Катер военного образца был пришвартован к яхте кормой. Мужчина лет двадцати пяти с обнаженным загорелым торсом стоял на палубе, прижав к уху телефон.
– Suit yourself[10], – пригласил он. – Осталось позвонить и заказать экскурсию.
– Я уже здесь… и, кажется, вижу вас, если это вы стоите на полицейском катере…
– Я похож на серфингиста?
Загорелый, улыбаясь, посмотрел на комиссара и поскреб грудь.
– В общем и целом, – сказал Йона.
Они разъединились и пошли навстречу друг другу. Леннарт Юханссон натянул форменную рубашку с короткими рукавами и застегнул ее, спускаясь по сходням.
Йона оттопырил большой палец и мизинец – знак серфингистов. Леннарт улыбнулся – на загорелом лице сверкнули белые зубы:
– Я встаю на доску, если есть хоть одна волна. Поэтому меня зовут Лэнс[11].
– Понятно.
Они подошли к яхте и остановились на причале возле сходней.
– «Стуребру 36, Рояйл Круизер», – сказал Леннарт. – Хорошее корыто, только изношенное. Зарегистрирована на Бьёрна Альмскуга.
– Вы связались с ним?
– Еще не успели.
Комиссар и Юханссон рассмотрели повреждения на носу яхты поближе. Повреждения, похоже, были свежими – между нитями стекловолокна не было водорослей.
– Я вызвал сюда эксперта. Он скоро появится, – сказал Йона.
– Крепко поцеловалась, – заметил Лэнс.
– Кто поднимался на борт, когда яхту нашли?
– Никто, – быстро ответил Юханссон.
Йона терпеливо улыбнулся.
– Ну я, конечно, – протянул Леннарт. – И Сонни, мой коллега. И ребята со «скорой», которые забирали тело. И наш криминалист, но у него были метки и защитная одежда.
– Все?
– Еще – старик, который обнаружил яхту. И все.
Йона молча посмотрел вниз, в сверкающую воду, и подумал о девушке, лежавшей на столе в отделении судебной медицины.
– Криминалист точно проверил все поверхности?
– Он обследовал пол и сфотографировал место преступления.
– Я поднимаюсь на борт.
Между причалом и яхтой лежали узкие потертые сходни. Йона шагнул на палубу, постоял на корме. Потом медленно огляделся и не торопясь двинулся по палубе, рассматривая предметы. Он осматривал место преступления так, словно до него здесь никого не было. Каждая деталь, которую он фиксировал, могла оказаться решающей. Туфли, перевернутый шезлонг, купальная простыня, какое-то карманное издание, желтевшее на солнце, нож с красной пластмассовой ручкой, ведро на веревке, пакет с углем для гриля, бадья с «мокрым» гидрокостюмом, флаконы с кремом от солнца и лосьонами.
За большим окном угадывался салон с рулевым колесом и лакированной обшивкой. Заглянув в окно под острым углом, комиссар заметил на стеклянной двери отпечатки пальцев – помогло уходящее солнце: чьи-то руки толчком открыли дверь, снова закрыли, оперлись, когда яхта качалась.
Йона вошел в маленький салон. Предвечернее солнце сияло на лакированных и хромированных поверхностях. На диване с темно-синими подушками лежали ковбойская шляпа и солнечные очки.

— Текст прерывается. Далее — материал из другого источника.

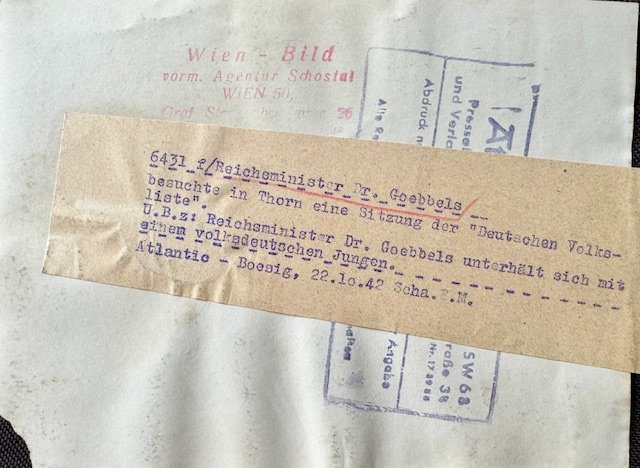 Dr Goebbels attended a meeting of the "Deutschen Volksliste" in Thorn. Press photo, approx. 7" X 5" in size.

Вода плескала в остов яхты.
Йона скользнул взглядом по полу салона и дальше, по узкой лестнице, ведущей в носовую часть. Внизу было темно, как в колодце, и комиссару пришлось зажечь карманный фонарик. Осветился узкий пустой проход. Красное дерево влажно светилось, словно человеческие внутренности. Йона двинулся вниз по заскрипевшим ступенькам, думая о девушке. Осталась на яхте одна, нырнула с борта, ударилась головой о камень; в легкие попала вода, но девушка сумела подняться на борт, стащить влажный купальник и переодеться в сухое. Может быть, потом она почувствовала усталость и прилегла, не понимая, что серьезно ранена, не сознавая, что у нее кровотечение, из-за которого внутричерепное давление резко подскочило.
Но тогда Нолен нашел бы на ее теле следы соленой воды.
Не сходится.
Комиссар спустился еще ниже, прошел мимо кухоньки и ванной…Его все еще преследовало ощущение, что смерть здесь, на яхте, хотя покойницу уже отправили к патологоанатому в Сольну. Это ощущение повторялось каждый раз. Предметы молча смотрят ему вслед; крики, звуки борьбы, тишина покрывают их толстым ковром.

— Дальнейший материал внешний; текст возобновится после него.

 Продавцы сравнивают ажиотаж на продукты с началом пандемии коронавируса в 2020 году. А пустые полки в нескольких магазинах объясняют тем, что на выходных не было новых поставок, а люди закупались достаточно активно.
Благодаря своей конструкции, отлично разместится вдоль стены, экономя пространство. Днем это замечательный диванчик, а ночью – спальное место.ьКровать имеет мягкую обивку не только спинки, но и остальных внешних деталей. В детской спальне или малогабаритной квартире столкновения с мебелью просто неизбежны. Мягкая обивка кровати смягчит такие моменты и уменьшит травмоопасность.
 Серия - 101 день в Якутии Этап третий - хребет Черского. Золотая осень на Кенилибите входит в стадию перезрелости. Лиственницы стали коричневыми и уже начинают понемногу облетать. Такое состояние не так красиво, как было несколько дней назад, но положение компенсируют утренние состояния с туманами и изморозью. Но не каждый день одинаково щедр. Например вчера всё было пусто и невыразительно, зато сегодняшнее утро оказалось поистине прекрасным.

Вдруг яхта странно заскрипела и как будто легла набок. Йона подождал, прислушался, однако пошел дальше к форпику.
Лучи летнего солнца пробивались сквозь люки в потолке, освещая двуспальную кровать с полукруглым валиком в изголовье. На этой кровати девушку и нашли. Расстегнутая спортивная сумка на полу, ночная сорочка в горошек развернута. У двери валяются джинсы и кофточка. Сумочка висит на крючке.
Яхта снова качнулась, и стеклянная бутылка покатилась по палубе над головой у комиссара.
Йона сфотографировал сумку на мобильный телефон в разных ракурсах. Из-за вспышки тесное помещение как будто съёжилось, стены, пол и потолок словно бы на миг шагнули друг к другу.
Комиссар осторожно снял сумочку с крючка и понес с собой наверх. Лестница поскрипывала под его тяжестью. Снаружи слышалось металлическое позвякивание. Когда он поднялся в салон, по стеклянной двери скользнула неожиданная тень. Йона тут же отступил назад, вниз, в темноту лестницы.
12
Странная смерть
Йона замер в самом низу лестницы, ведущей к кухне и спальне. Со второй ступеньки ему было видно нижнюю часть стеклянной двери и кусок кормы. По пыльному стеклу проплыла тень, неожиданно появилась рука. Кто-то медленно двигался вперед. В следующую секунду комиссар узнал Эрикссона. Толстяк укладывал у двери желатин, по пухлым щекам стекали капли пота.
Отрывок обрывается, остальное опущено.